Department of Biophysics and Biophysical Chemistry, Johns Hopkins School of Medicine, Baltimore, MD, United States.
Department of Biophysics and Biophysical Chemistry, Johns Hopkins School of Medicine, Baltimore, MD, United States.
Methods Enzymol. 2022;672:143-152. doi: 10.1016/bs.mie.2022.03.061. Epub 2022 Apr 22.
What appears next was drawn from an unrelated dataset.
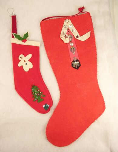 2 Vintage Christmas FELT STOCKING with Sequence Buttons & Xmas Tree 1920''s-1930s

Ring-shaped hexameric helicases are an essential class of enzymes that unwind duplex nucleic acids to support a variety of cellular processes. Because of their critical roles in cells, hexameric helicase dysfunction has been linked to DNA damage and genomic instability. Biochemical characterization of hexameric helicase activity and regulation in vitro is necessary for understanding enzyme function and aiding drug discovery efforts. In this chapter, we describe protocols for characterizing mechanisms of helicase loading, activation, and unwinding using the model replicative hexameric DnaB helicase and its cognate DnaC loading factor from E. coli.
环形六聚体解旋酶是一类重要的酶,它们可以解开双链核酸,支持多种细胞过程。由于它们在细胞中的关键作用,六聚体解旋酶功能障碍与 DNA 损伤和基因组不稳定性有关。在体外对六聚体解旋酶活性和调节的生化特性进行分析,对于理解酶功能和辅助药物发现工作是必要的。在本章中,我们描述了使用模型复制性六聚体 DnaB 解旋酶及其来自大肠杆菌的同源 DnaC 加载因子来表征解旋酶加载、激活和展开机制的方案。